If you’re primarily traveling to one-day shows, you don’t need to schlep around every horse item you own. You just need to assemble a few necessities and keep them handy in a tote tray, crate or gym bag. Here are a dozen show essentials:

  • A water bucket and extra feed (usually hay in a net) for your horse.
  • Copies of important paperwork, such as registration papers for breed and halter classes, a negative Coggins test, and your membership cards for sponsoring riding clubs so you can accrue points for ribbons won.
  • Nutritious snacks so you don’t have to rely on questionable offerings from the concession stand.
  • Any extra tack that you just might need, such as a standing martingale or a pair of spurs.
  • A leather hole punch—you never know when you might need to make a minor adjustment to your belt, stirrup leathers or bridle cheekpieces.
  • A longeline, so you’re not forced into riding Smarty Jones in your equitation class.

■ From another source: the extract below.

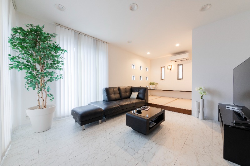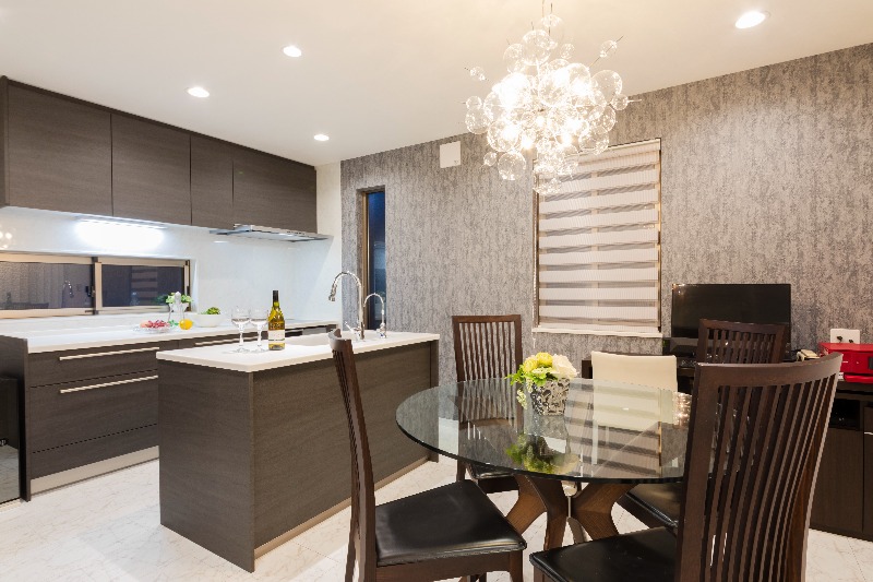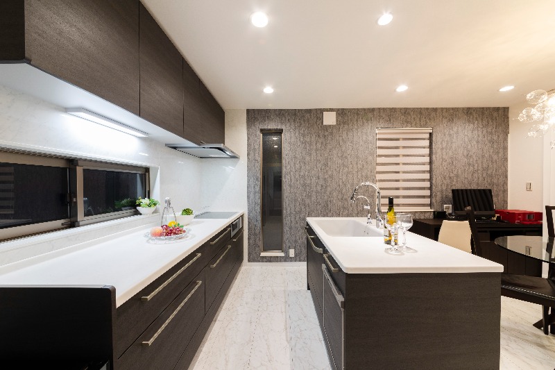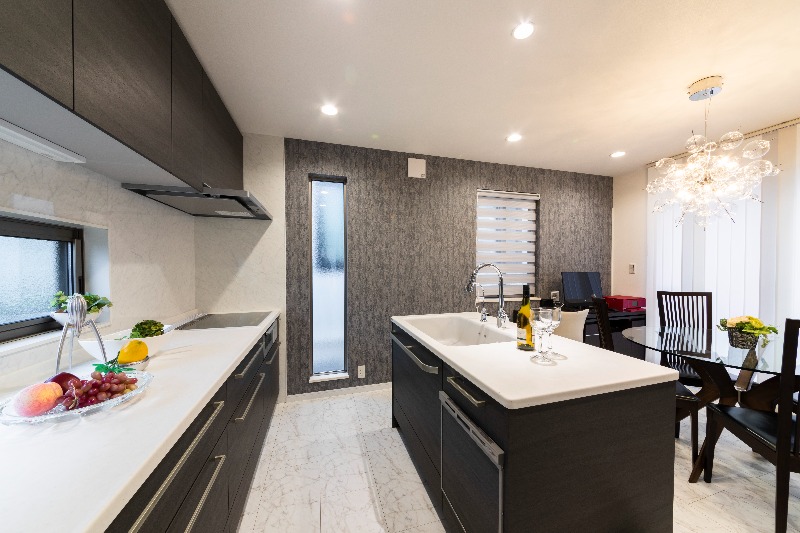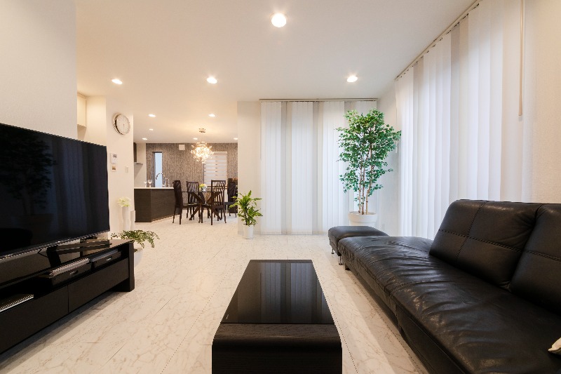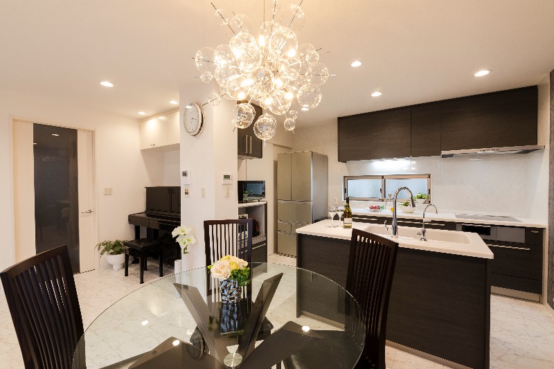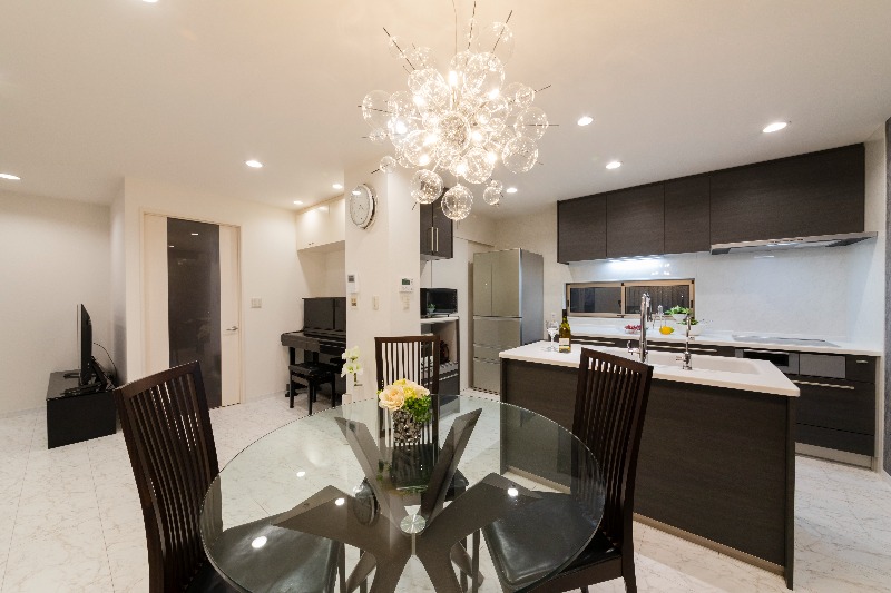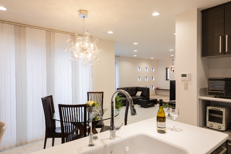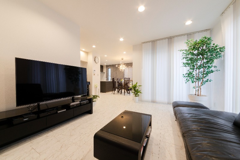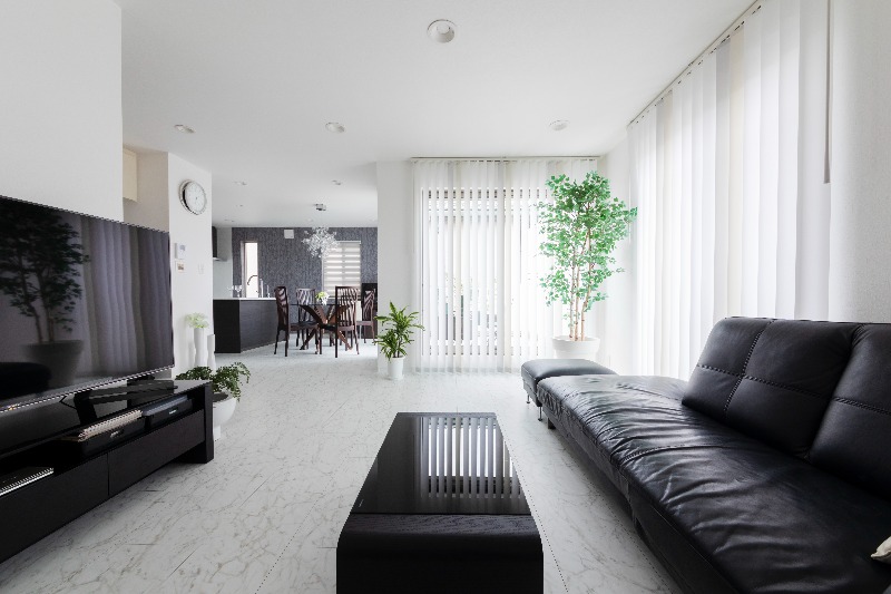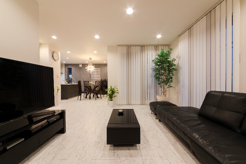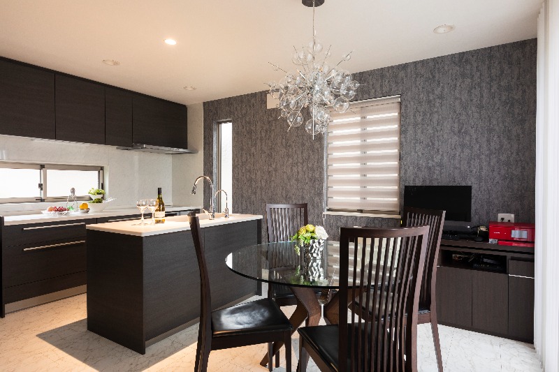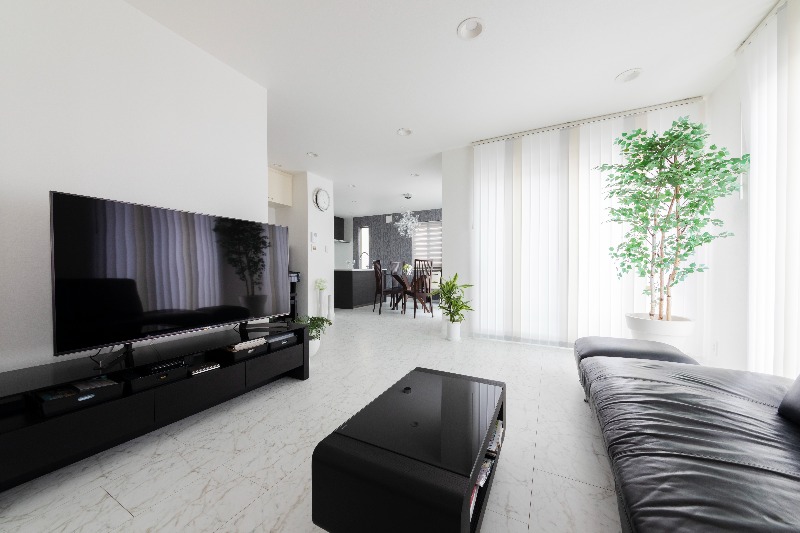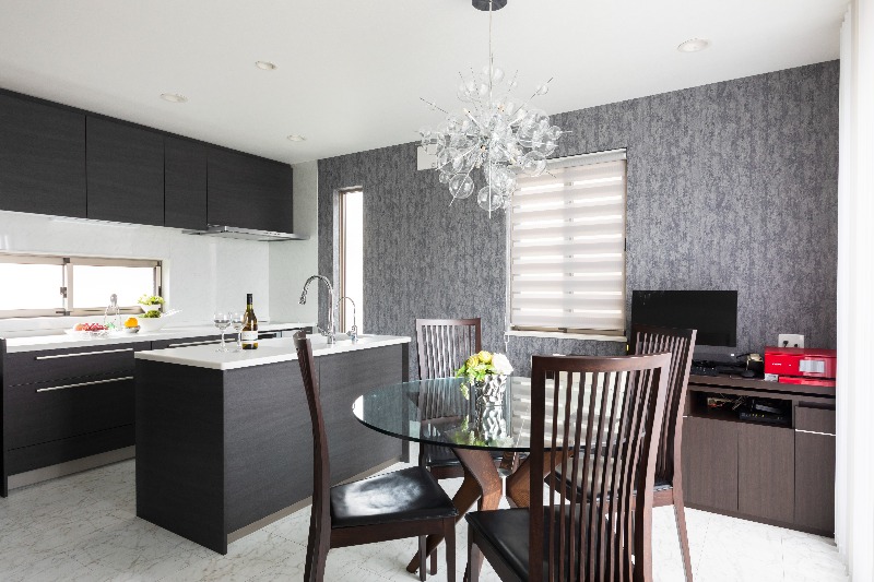 ホワイトとブラックを基調として、リビングダイニングキッチン全体に統一感を持たせてスタイリッシュに仕上げました。床や壁、バーチカルブラインド(縦型ブラインド)はホワイトで統一し、キッチンの一部アクセントクロスを取り入れることでスタイリッシュな印象を与えます。一方で、キッチンやダイニングテーブルセット、ソファ、TVボードはダーク系のカラーを採用しました。ホワイトと相反する色ということもありコントラストも印象的になります。

  • Basic grooming tools: a comb, a couple of brushes and a hoof pick.
  • Grooming accessories that add a winning look to your horse: hoof oil or dressing, coat polish and at least one clean, soft rub rag to wipe away dust and slobber.
  • A small, zippered cosmetic bag filled with your own hair care kit (consider a hairnet, barrettes and bobby pins).
  • Rather than trying to catch a glimpse of yourself in your truck’s chrome bumper, bring along a small handheld mirror.
  • Horse and human first-aid items, stored in a small plastic carrying case, will give you peace of mind.
  • Coverup clothes to wear over your show outfit between classes and, even better, to wear on the trip home.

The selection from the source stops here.